Ratna Maharjan, a musician, agrees with the premise of dogs as guardians of Newari communities: “Especially during festivals when the thieves are about, the dogs help protect shops.”
Anjali Sindurakar, an animal management assistant in Kathmandu Ward 20, says that while she previously would have been disgusted with the mange-ridden dogs, she wept once while witnessing animal cruelty.
In order to instil a sense of pride about street dogs, school children have been educated on safe ownership and dog safety. This included creating a street dog mural in Shanti Nikunj school and a story competition for Grade 6 and 7 students, which resulted in The Adventures of Bhusya, where students imagine themselves as dogs of the community.
Social worker and dog lover in Ward 20, Rajim Sthapit, says: “The whole perspective of community dogs has flipped and people have come together more closely as a result. Before in Kukur Tihar, we used to worship our own kept dogs in the vicinity of our own homes. Now we get together at public spaces and celebrate all dogs together.”

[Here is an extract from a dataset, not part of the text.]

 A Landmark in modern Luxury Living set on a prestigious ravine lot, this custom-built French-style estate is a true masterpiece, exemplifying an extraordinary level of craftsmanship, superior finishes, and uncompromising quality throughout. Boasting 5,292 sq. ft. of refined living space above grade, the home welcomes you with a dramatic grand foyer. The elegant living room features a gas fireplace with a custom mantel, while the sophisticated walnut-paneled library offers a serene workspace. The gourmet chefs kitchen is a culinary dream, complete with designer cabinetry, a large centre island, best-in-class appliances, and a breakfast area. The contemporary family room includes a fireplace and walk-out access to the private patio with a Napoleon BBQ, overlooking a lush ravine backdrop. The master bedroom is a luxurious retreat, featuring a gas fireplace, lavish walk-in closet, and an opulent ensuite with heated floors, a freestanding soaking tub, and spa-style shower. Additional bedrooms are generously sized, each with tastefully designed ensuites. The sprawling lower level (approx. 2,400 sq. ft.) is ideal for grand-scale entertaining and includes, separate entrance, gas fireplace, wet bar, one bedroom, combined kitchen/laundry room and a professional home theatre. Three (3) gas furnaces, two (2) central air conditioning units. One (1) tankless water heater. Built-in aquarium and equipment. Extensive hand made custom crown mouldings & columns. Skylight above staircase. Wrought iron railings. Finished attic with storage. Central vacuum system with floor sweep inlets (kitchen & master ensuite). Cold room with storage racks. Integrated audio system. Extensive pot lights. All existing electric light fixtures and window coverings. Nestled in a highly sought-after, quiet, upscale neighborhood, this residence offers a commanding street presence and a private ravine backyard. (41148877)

Citizen policing has also toughened on criminals who don’t abide by the new standards of animal welfare and citizen responsibility. A car accident two months ago at Guna Kamdev Marg, near Chikanmugal, left a street dog injured and unable to walk.

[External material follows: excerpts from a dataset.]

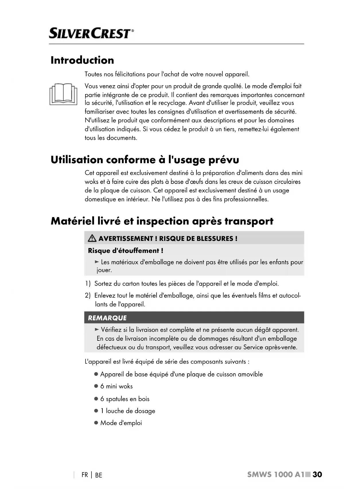 Introduction Toutes nos félicitations pour l'achat de votre nouvel appareil. Vous venez ainsi d'opter pour un produit de grande qualité. Le mode d'emploi fait partie intégrante de ce produit. Il contient des remarques importantes concernant la sécurité, l'utilisation et le recyclage. Avant d'utiliser le produit, veuillez vous familiariser avec toutes les consignes d'utilisation et avertissements de sécurité. N'utilisez le produit que conformément aux descriptions et pour les domaines d'utilisation indiqués. Si vous cédez le produit à un tiers, remettez-lui également tous les documents. Utilisation conforme à l'usage prévu Cet appareil est exclusivement destiné à la préparation d'aliments dans des mini woks et à faire cuire des plats à base d'œufs dans les creux de cuisson circulaires de la plaque de cuisson. Cet appareil est exclusivement destiné à un usage domestique en intérieur. Ne l'utilisez pas à des fins professionnelles. Matériel livré et inspection après transport AVERTISSEMENT! RISQUE DE BLESSURES! Risque d'étouffement! ► Les matériaux d'emballage ne doivent pas être utilisés par les enfants pour jouer.
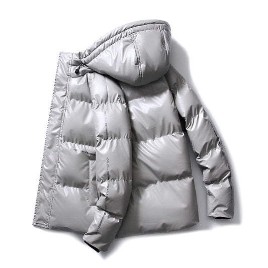 Thick Hooded Winter Jacket, Waterproof Shiny Coat for Male
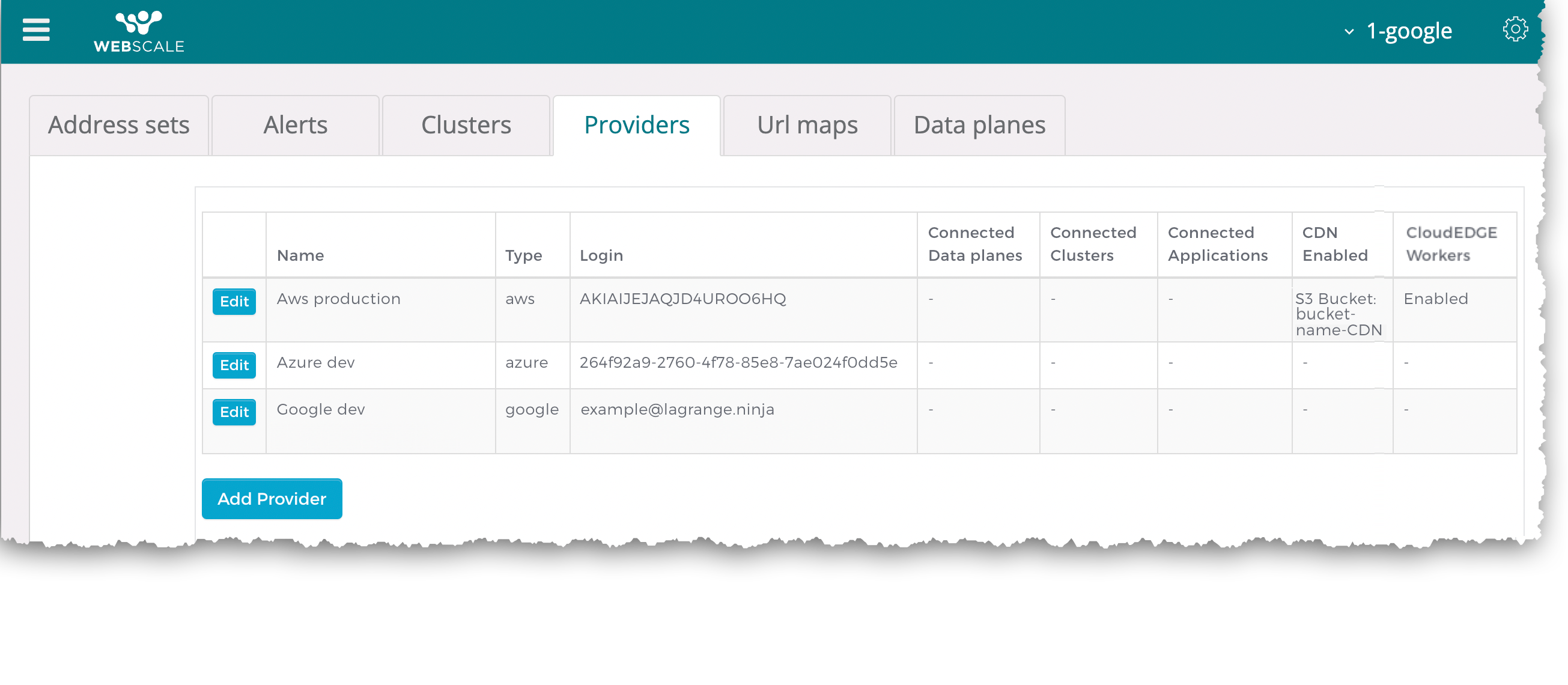 Editing a provider, which defines the relationship between your Webscale account and cloud service, can result in serious problems. Proceed with caution and contact support before editing a provider.To edit a provider
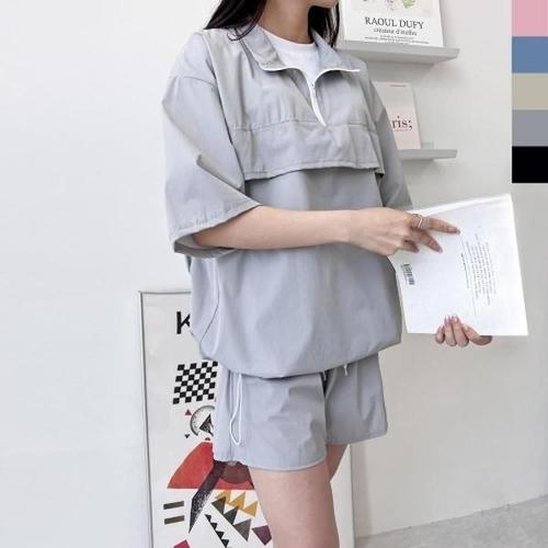 세트 아노락 트레이닝복 반집업 반바지 반팔 여자 WFLOZUR

The motorist was about to leave the scene of the crime, but eyewitnesses said that butchers, shopkeepers and regular community members surrounded his vehicle, and forced him to pay a fine of Rs15,000 for injuring a dog belonging to their community.
Restaurant owner Surendra Bajracharya owns three dogs of his own, but also feeds and nurses the stray dogs, including the one pictured, out of his own pocket.

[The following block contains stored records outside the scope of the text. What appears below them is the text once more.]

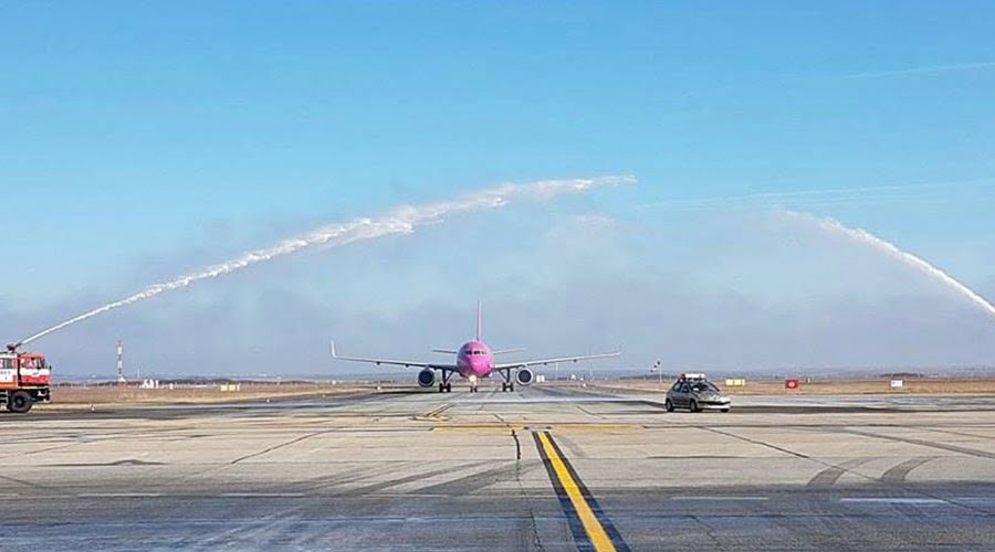 Moment INEDIT, pe Aeroportul din Timișoara! Un avion a fost întâmpinat cu o boltă de apă
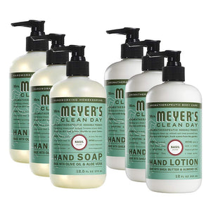 Mrs. Meyers Clean Day, 3 Packs Liquid Hand Soap 12.5 OZ, 3 Packs Hand Lotion 12 OZ, Basil, 6-Packs
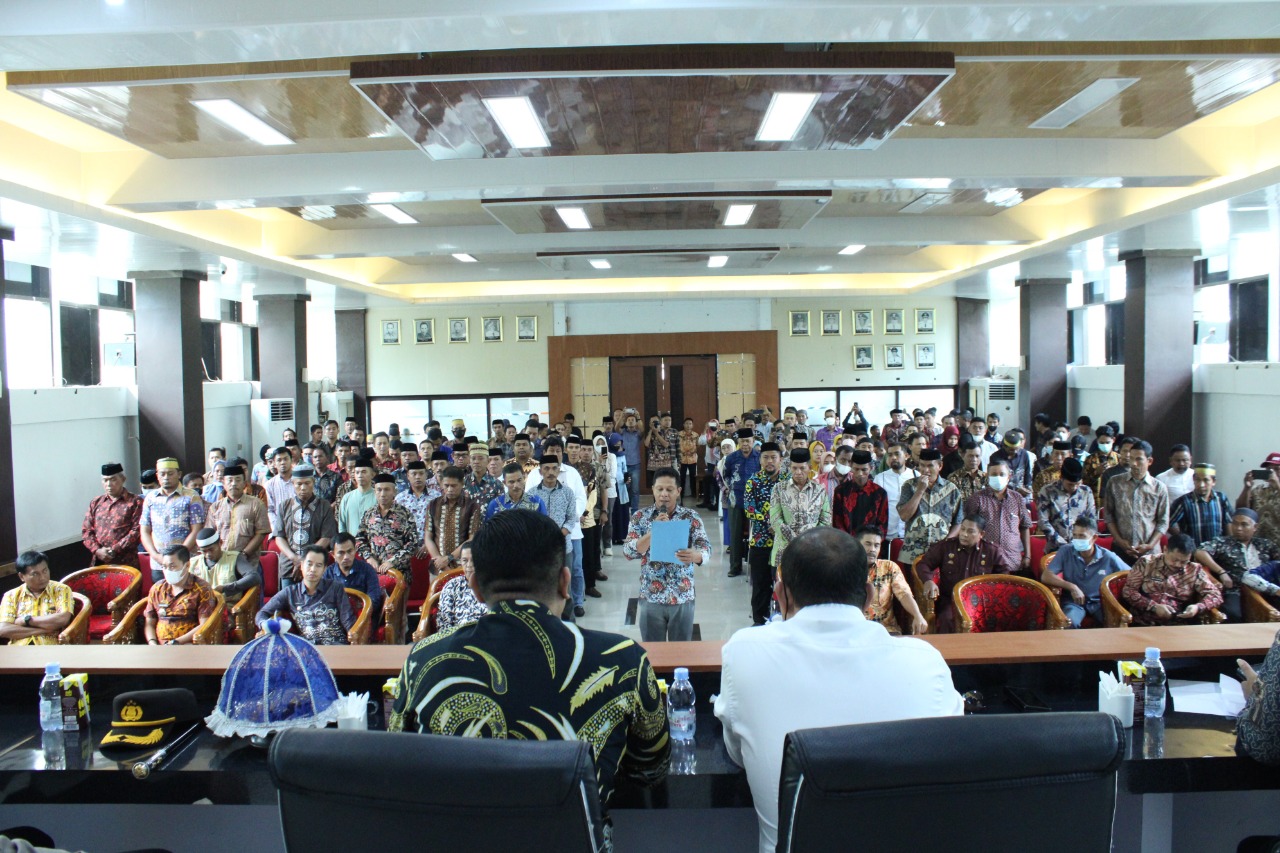 Agenda Penandatanganan Pakta Integritas Calon Kepala Desa yang di pimpin langsung Sekretaris Daerah Kab. Takalar Muhamad Hasbi digelar di Baruga I Mannindori Kantor Bupati Takalar, Kamis 24 November 2022.

“This would never have happened before: they would have let the dog die. Now we feel responsible,” says Anjali Sindurakur. The money compensated was then directly used to treat the dog’s injuries.
But not all street dogs are fortunate enough to enjoy the new-found warmth. Trekking guide Sunil Tuladhar says a certain proportion of street dogs in tourist areas, where there are fewer close-knit community groups, still suffer from occasional violence.
“There is awareness of Manu Mitra, but the human behaviour is yet to change,” he says. “The real local people care, but people who work at the stalls are not from Kathmandu, and they throw stones at the dogs because they don’t want their businesses disrupted.”
Nevertheless, Manu Mitra is achieving its success of reducing the number of lactating female dogs in the area, and promises to deliver up to 80% vaccination and sterilisation rates in its wards because the community will follow up individual cases itself.
Other results of educating citizens to be kinder to dogs include fewer people being bitten by dogs, and reduced cases of suspected rabies, and fewer complaints about dogs. To celebrate World Rabies Day, Ward 20 was labelled the first ‘animal managed ward’ of the city.
KMC has said that it will create a registration system where dog owners and animal management assistants must mark down the birth and death of all animals, along with their owners. Any animals found without a guardian could then be traced back to their original owners, and the owners fined for abandonment. Using a smartphone app concerned citizens could scan an embedded microchip attached to an abandoned dog, linking it back to the registration system.
But the project to register all dogs (and to a lesser extent, cats) will have to wait until the next fiscal year, when the government is predicted to be more stable.